**Work required:**
Please copy the data below exactly, from its first line through the line holding "Lacomus started following", and skip the pictures.

**Supplied information:**
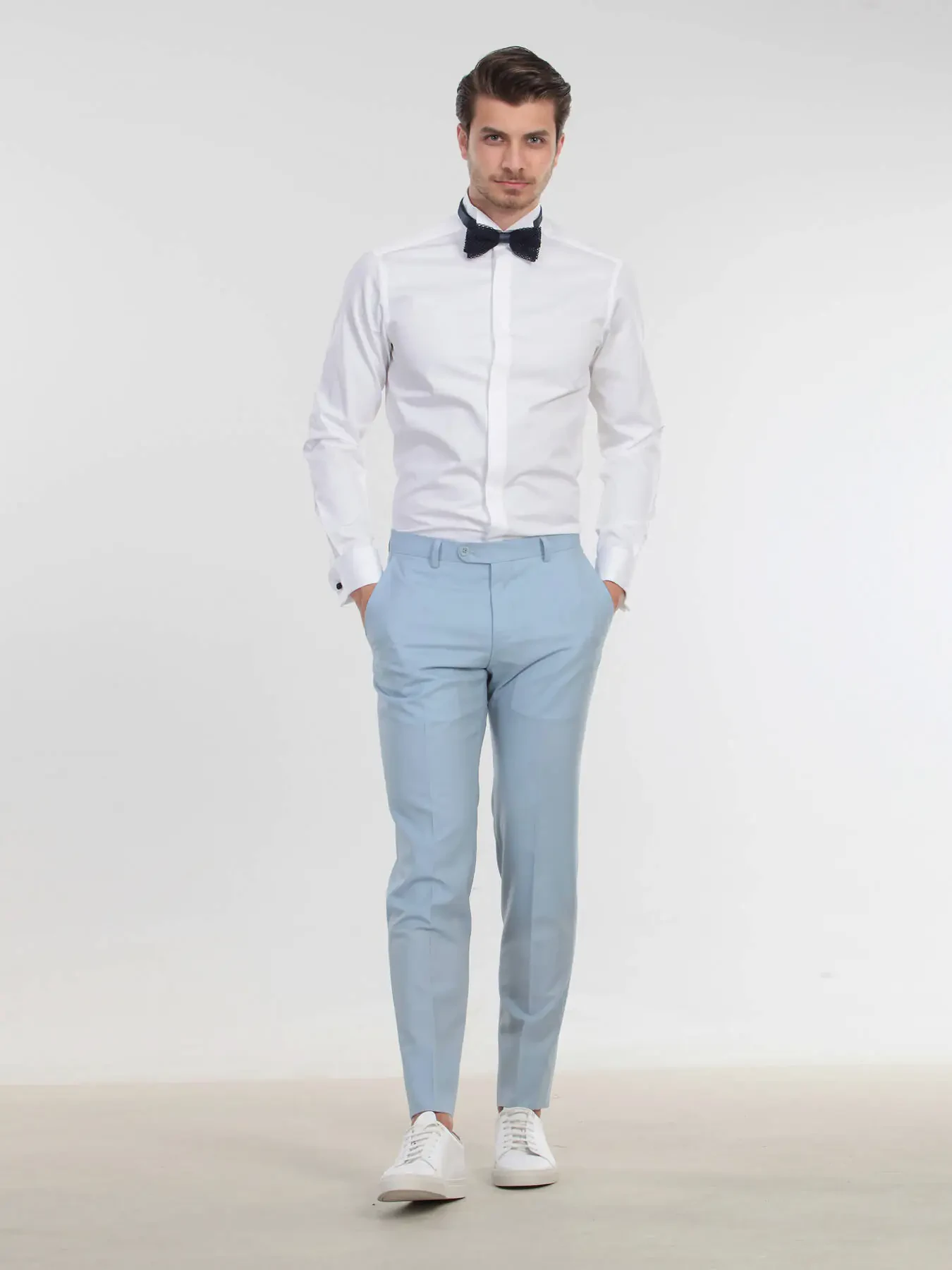 Beyaz Düz Slim Fit Duble Manşet Ata Yaka Smokin Gömlek
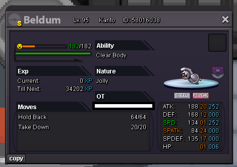 Lacomus started following [Very Rare] Shiny Beldum (Jolly) - Master Ball (M: Metagross)
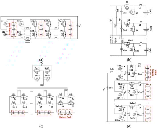 One of the common configurations for connecting BESSs in a DC-coupled system, for example, with a photovoltaic (PV) source is shown in Figure 1. In such systems, the DC bus voltage typically operates within a range of 300 V to 600 V, while the nominal battery voltage generally varies from 100 V to 400 V, depending on the specific application and system design parameters [8]. Individual battery cell voltages generally range from 1 to 4.5 V, with nominal values depending on the cell chemistry; for example, approximately 1.25 V for Nickel Metal Hybrid (NiMH), 2 V for lead-acid, 2.1 V for sodium-sulfur (NaS), 3.6 V for nickel manganese cobalt (NMC), and 3.3 V for lithium iron phosphate (LiFePO4) cells [9,10]. To achieve the required voltage levels, multiple cells are connected in series to form a battery pack. However, mismatches between cells in battery packs are inevitable due to variations in intrinsic resistance, self-discharge rates, and capacity caused by manufacturing tolerances. Over repeated charge–discharge cycles, these mismatches are exacerbated by unequal power losses, thermal gradients, and external circuitry for sensing and protection. Since pack performance is limited by the weakest cell, early charge termination leads to underutilized capacity, while early discharge cutoff results in energy loss. In addition, the overcharging or deep discharging of individual cells accelerates degradation and poses safety risks [11]. To address these issues, battery management systems (BMSs) implement cell balancing for series connected cells.
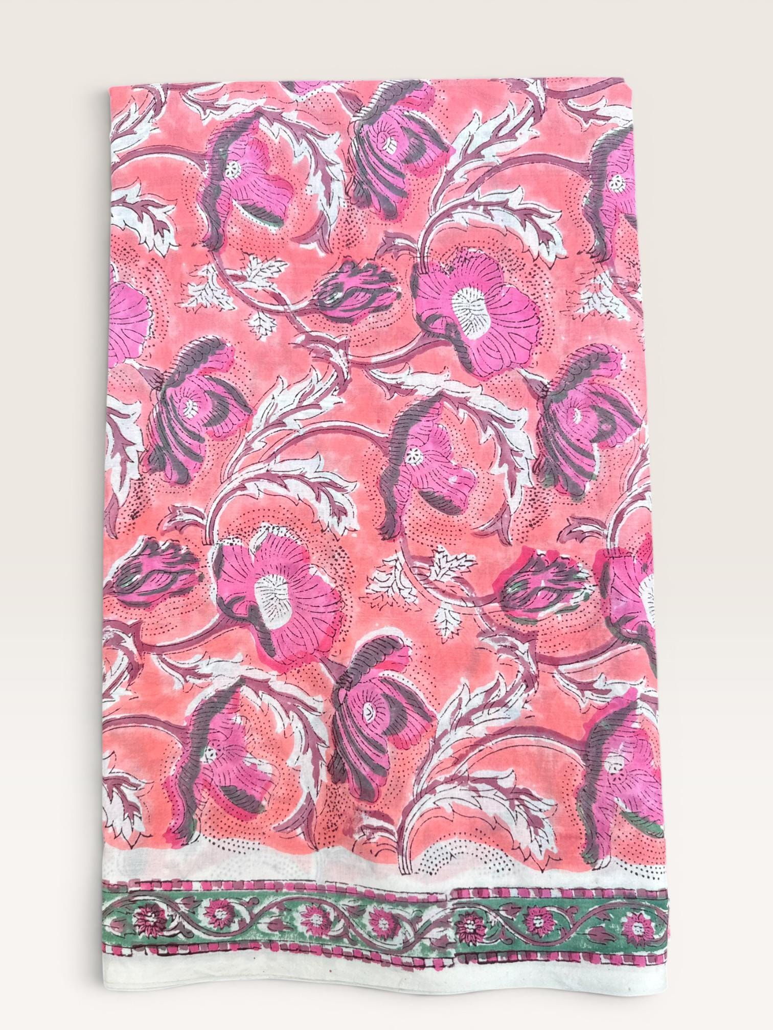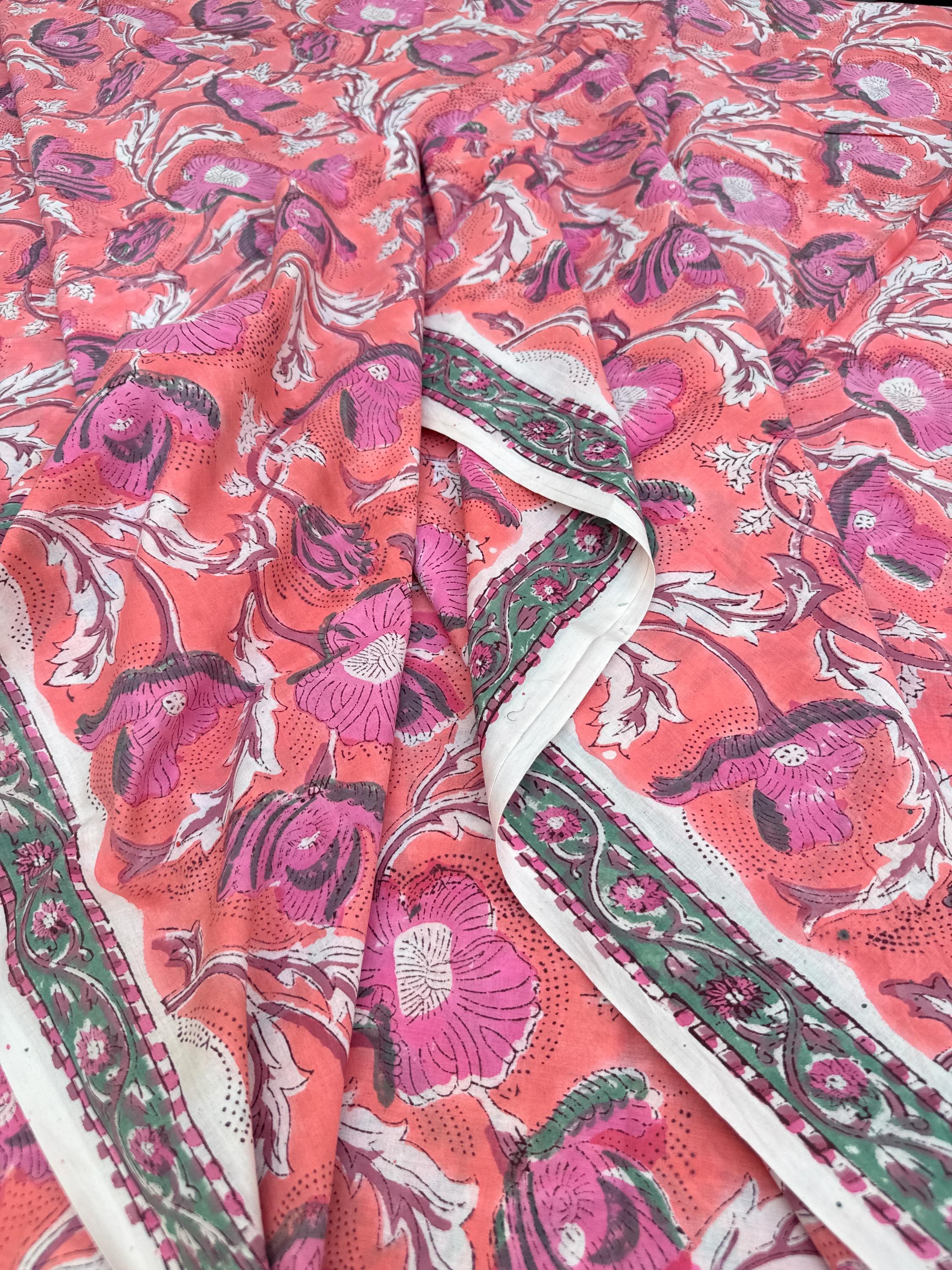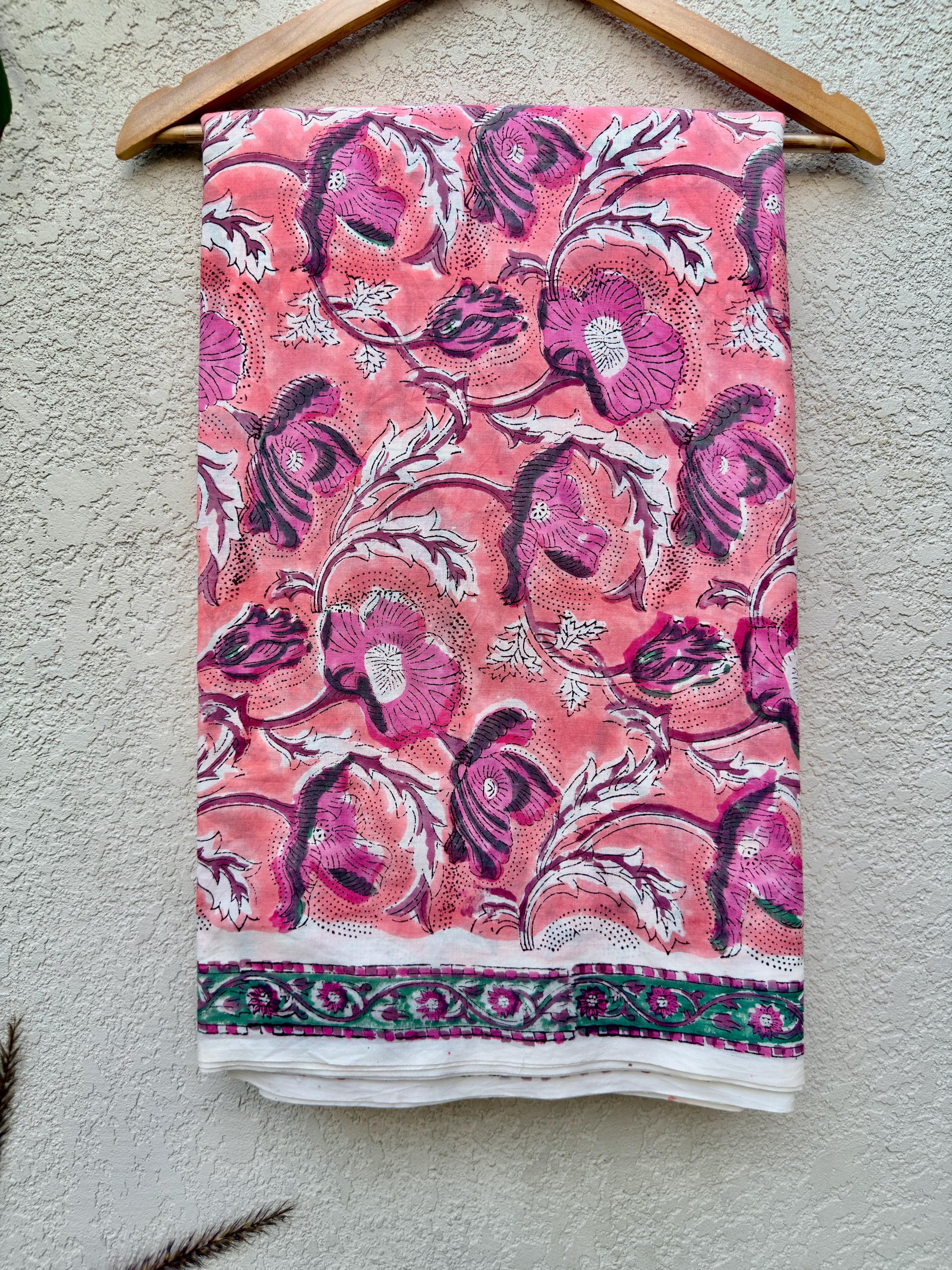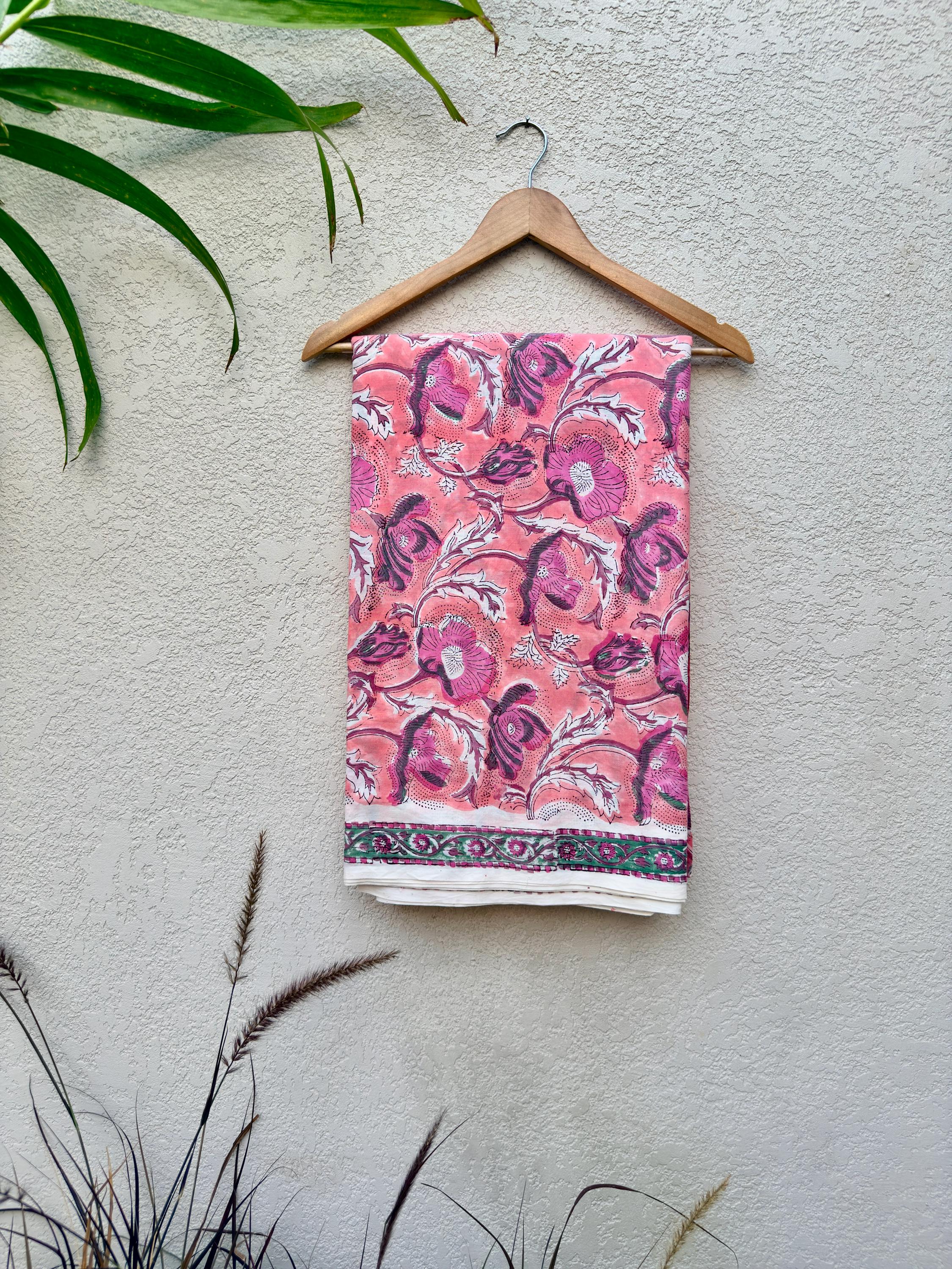 Hand Block Print Cotton Fabric by Yard – Coral Pink Floral Running Fabric | Indian Handmade Textile | Soft Cotton Dressmaking & Craft Fabric
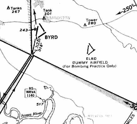 The only official depiction which has been located of the Elko Decoy Airfield was on a 1955 approach plate for Byrd Field.
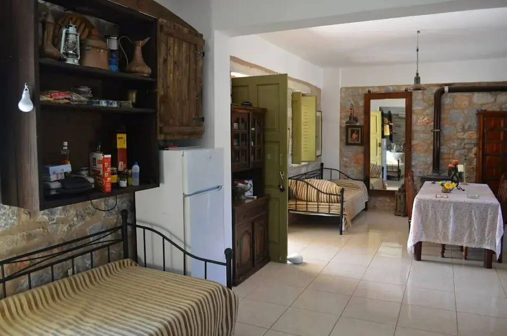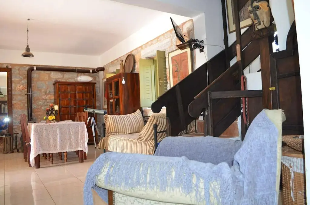 This building for sale in Peloponnese offers a total area of 120 square meters, spread across two levels. The structure is designed to accommodate various living needs with separate spaces for different activities.
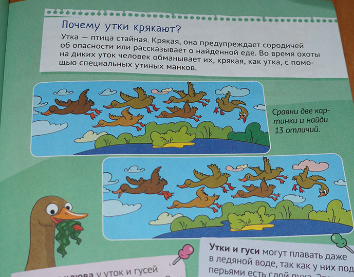 Помимо интересной информации, на страничках много разнообразных головоломок (на прохождение лабиринтов, распознавание теней, поиск отличий или мелких деталей на картинке, раскрашивание картинок по номерам и прочее). В самом конце книги на все головоломные задания есть ответы.
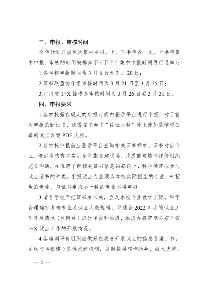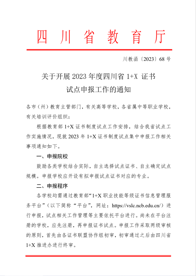 【四川省】關(guān)于開展2023年度1+X證書試點(diǎn)申報工作的通知
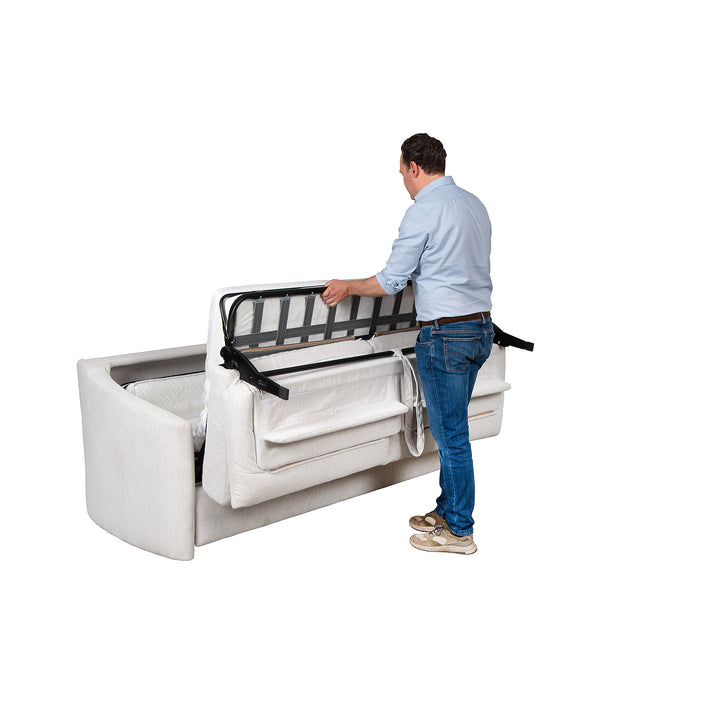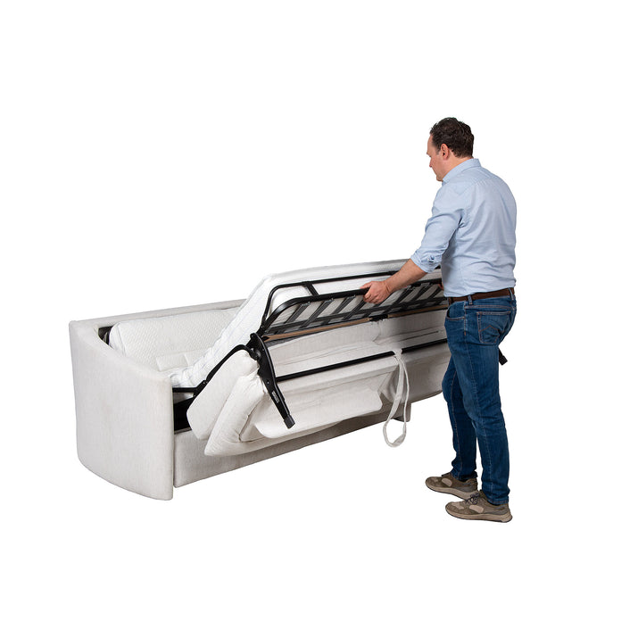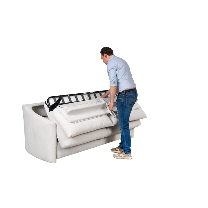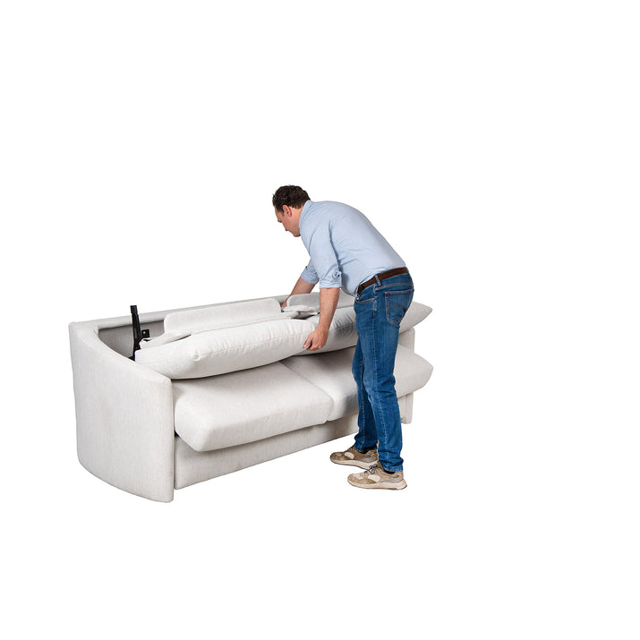 De Sofa en Slaapbank Elegance combineert stijl en functionaliteit. Deze comfortabele sofa is eenvoudig om te toveren tot een slaapbank, dankzij het gebruiksvriendelijke openingsmechanisme. De dikke matras zorgt voor een goede nachtrust, terwijl de sierkussens voor arm- en rugleuning extra comfort en een luxe uitstraling bieden. Met een aangename bedhoogte is de Elegance niet alleen praktisch, maar ook een elegante toevoeging aan je interieur. Ideaal voor zowel dagelijks sofa gebruik als voor logeergasten, biedt de Slaapbank en Sofa Elegance een veelzijdige en stijlvolle oplossing voor elke ruimte. Slaapbank Elegance is online verkrijgbaar in 5 kleuren van de vlekwerende Aquaclean stof Camila. Voor andere stoffen kan je terecht in onze Concept Store.
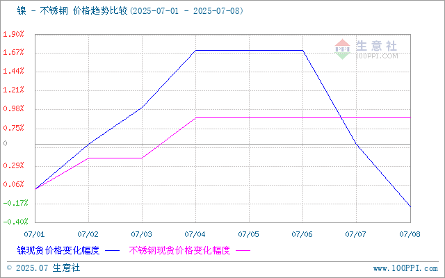价格反弹乏力:7月8日不锈钢基准价12,887.5元/吨(周涨0.88%),但钢厂减产预期下,对镍需求支撑有限。
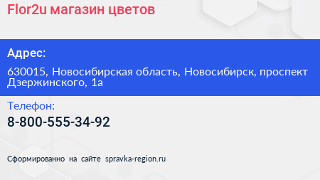 Flor2u, магазин цветов по адресу 630015, Новосибирская область, Новосибирск, проспект Дзержинского, 1а в дальнейшем Организация, размещена в следующих категориях:

**Solution to this exercise:**
 Beyaz Düz Slim Fit Duble Manşet Ata Yaka Smokin Gömlek
 Lacomus started following [Very Rare] Shiny Beldum (Jolly) - Master Ball (M: Metagross)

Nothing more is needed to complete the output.